- **WORK TASK**: Begin at the line containing "1584 - وقال" in the records below, end at the line containing "компасы STOP&SAFE с", and retype each line in that span exactly. No other line and no image should appear.

- **DATA RECORDS**:
▶

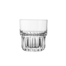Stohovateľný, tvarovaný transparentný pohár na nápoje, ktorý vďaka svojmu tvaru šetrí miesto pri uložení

◀
▶

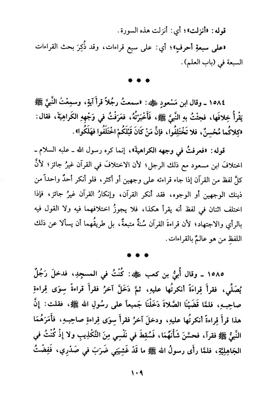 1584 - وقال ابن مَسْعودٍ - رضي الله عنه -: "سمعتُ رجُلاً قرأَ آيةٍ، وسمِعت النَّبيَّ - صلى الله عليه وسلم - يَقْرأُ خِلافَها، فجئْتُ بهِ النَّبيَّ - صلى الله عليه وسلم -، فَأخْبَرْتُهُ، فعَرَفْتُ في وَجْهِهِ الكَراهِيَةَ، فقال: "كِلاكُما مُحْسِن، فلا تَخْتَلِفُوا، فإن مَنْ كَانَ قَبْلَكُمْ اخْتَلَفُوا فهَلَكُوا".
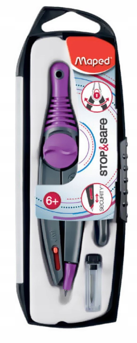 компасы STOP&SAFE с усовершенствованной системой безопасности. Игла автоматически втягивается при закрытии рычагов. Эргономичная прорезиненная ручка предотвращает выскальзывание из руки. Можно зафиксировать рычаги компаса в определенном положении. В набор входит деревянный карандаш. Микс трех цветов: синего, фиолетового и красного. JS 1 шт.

◀
▶

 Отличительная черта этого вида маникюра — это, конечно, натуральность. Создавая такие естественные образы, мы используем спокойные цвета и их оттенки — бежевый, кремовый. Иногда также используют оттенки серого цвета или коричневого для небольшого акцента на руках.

◀

- **FINISHED EXERCISE**:
 1584 - وقال ابن مَسْعودٍ - رضي الله عنه -: "سمعتُ رجُلاً قرأَ آيةٍ، وسمِعت النَّبيَّ - صلى الله عليه وسلم - يَقْرأُ خِلافَها، فجئْتُ بهِ النَّبيَّ - صلى الله عليه وسلم -، فَأخْبَرْتُهُ، فعَرَفْتُ في وَجْهِهِ الكَراهِيَةَ، فقال: "كِلاكُما مُحْسِن، فلا تَخْتَلِفُوا، فإن مَنْ كَانَ قَبْلَكُمْ اخْتَلَفُوا فهَلَكُوا".
 компасы STOP&SAFE с усовершенствованной системой безопасности. Игла автоматически втягивается при закрытии рычагов. Эргономичная прорезиненная ручка предотвращает выскальзывание из руки. Можно зафиксировать рычаги компаса в определенном положении. В набор входит деревянный карандаш. Микс трех цветов: синего, фиолетового и красного. JS 1 шт.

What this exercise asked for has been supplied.